Cobra 148 GTL and F-GTL


Extra Channels: Locate the MB8719 chip
(usually right behind the channel selector).
Wire a single-pole, single-throw switch from
pin 10 to ground (SW-2 on chart), and another
from pin 11 to pin 12 (SW-1 on chart).
Supertune: Many of you have asked about
supertunes for this radio. I do not recommend
modifying the 148 very much, due to the type
of modulation circuit used. I have found that
the best over-all sound and performance
comes with nothing more than a standard
tune-up, with the mod level set for 100%.
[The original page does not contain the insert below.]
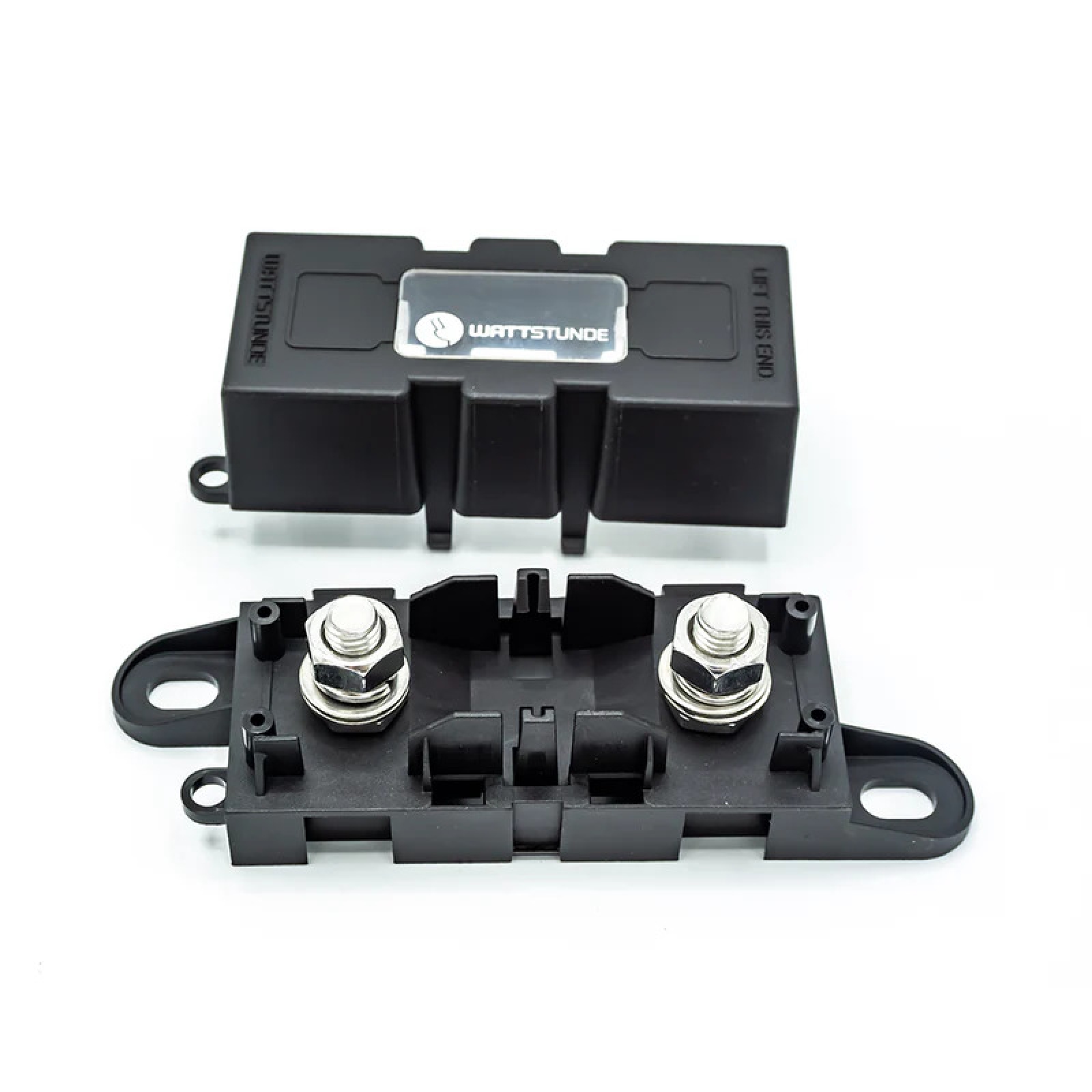 Der Wattstunde® Sicherungshalter in schwarzer Ausführung ist für die sichere Aufnahme von ANM Hochlastsicherungen ausgelegt und eignet sich ideal für leistungsstarke 12-, 24- und 48-Volt-Stromsysteme. Er sorgt für eine zuverlässige Absicherung von Leitungen, Batterien und angeschlossenen Verbrauchern.

However, there are a few mods that will yield
better over-all PEP and still keep decent
quality sound. Change C109 to a 3.3uf or 4.7uf.
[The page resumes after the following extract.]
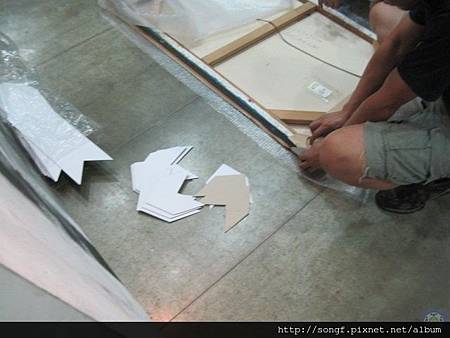 所有的畫作先用防水牛皮紙將畫的外面覆蓋住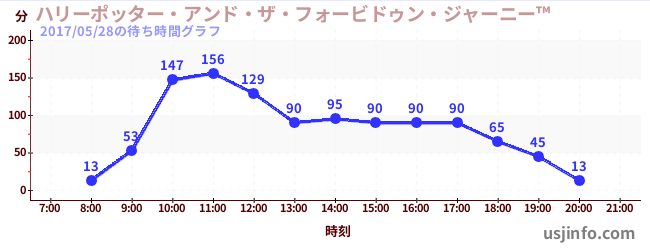 • ハリーポッター・アンド・ザ・フォービドゥン・ジャーニー™$B$N(B2017年05月28日の待ち時間

RemoveC174, and run a 1000uf cap from
negative side of C174's position to the base of
TR41, with the positive side of the 1000uf cap
going to the base of TR41. Reset the AMC level
for 100% modulation.
Cobra 140/142 GTL
Extra Channels: Replace the 11.1125 mhz
crystal with a 11.3258 crystal. Locate the
MB8719 chip (usually right behind the channel
selector). Isolate pin 10 from ground (Cut the
trace). Wire a switch from Pin 10 to
ground(SW-2 on the chart), and another from
pin 11 to pin 12 (SW-1 on chart). You may need
to re-align the frequencies a bit. Supertune:
Many of you have asked about supertunes for
these radio. I do not recommend extensively
modifying the 140/142, due to the type of
modulation circuit used. I have found that the
best over-all sound and performance comes
with nothing more than a standard tune-up,
with the AMC circuit left intact. However,
there are a few mods that will yield better
over-all PEP and still keep decent quality
sound. Change C90 to a 3.3uf or 4.7uf.
RemoveC119, and run a 1000uf cap from
negative side of C119's position to the base of
TR34, with the positive side of the 1000uf cap
going to the base of TR34. Remove R186. For
AMC changes, place 5k variable resistor from
base of TR33 to ground. You can also try
removing R125 and increasing the value of
R102. Change C90 to 10uf.
Cobra 29 LTD:
Receive Boost: Locate pin 14 of the PLL chip,
and the Positive (+) side of C-12. Install a 22k-
220k ohm resistor between these two points.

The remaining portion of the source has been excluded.